Cabinet approves draft bill to regulate fintech industry
The draft law that will govern the fintech space received approval from the Madbouly cabinet in its weekly meeting yesterday, cabinet said in a statement. The new law would regulate the use of fintech to deliver non-banking financial services (NBFS) in a bid to promote financial inclusion and expand the number of beneficiaries.
The 30-article bill authorizes the Financial Regulatory Authority (FRA) to license and regulate the NBFS businesses and fintech startups. The regulator will also have supervisory powers over the sector to ensure companies adhere to transparency and governance standards, in addition to protecting consumer rights.

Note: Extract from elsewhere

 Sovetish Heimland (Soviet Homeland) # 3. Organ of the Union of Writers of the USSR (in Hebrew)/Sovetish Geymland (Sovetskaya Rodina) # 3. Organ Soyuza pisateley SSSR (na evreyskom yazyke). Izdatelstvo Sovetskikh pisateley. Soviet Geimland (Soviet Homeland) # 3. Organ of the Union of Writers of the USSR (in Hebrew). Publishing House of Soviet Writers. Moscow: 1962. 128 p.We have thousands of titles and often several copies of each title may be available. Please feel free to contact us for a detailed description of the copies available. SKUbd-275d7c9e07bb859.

Background: The FRA completed the first draft of the bill in July before its approval in September. The new regulation reportedly covers crowdfunding, robo-advisory, nano-finance and insurtech, and introduces penalties for regulatory breaches including imprisonment or fines of EGP 200k-1 mn.

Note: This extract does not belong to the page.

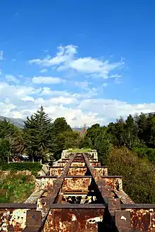 Railroad Puente Alto (High Bridge) to El Volcan (the Volcano) and its associated infrastructure were declared a National Historic Landmark by the Ministry of Education Decree No. 432 in 1991.[10] From that date, a series of restorations of the tracks and stations were performed. The 21.12.2002 agreement between the Chilean Army, the National Tourism Service (SERNATUR), the National History Museum, the Ministry of National Heritage and the National Monuments Council, was signed for the implementation of a restoration project on the grounds of the El Manzano station, in order to build a cultural center that would include the Museum of Military Railways.[10] By the end of 2004, after the closure of Puente Alto Regiment, the steam locomotive "Panchita", together with some cars and trucks, was moved to El Melocotón station, where they are safely stored.

Also approved during the meeting:
- Adding USD 22.8 mn to the inclusive economic governance grant signed last September with USAID, which will bring the US's total commitments under the agreement to USD 50.5 mn;
- New AfDB shares: The African Development Bank's board decision to allocate new shares to Egypt, raising its total shares in the pan-African lender to 10,099;
- JICA funding for power sector: A JPY 25 bn (EGP 3.58 bn) loan agreement signed with the Japan International Cooperation Agency last February to boost the electricity sector.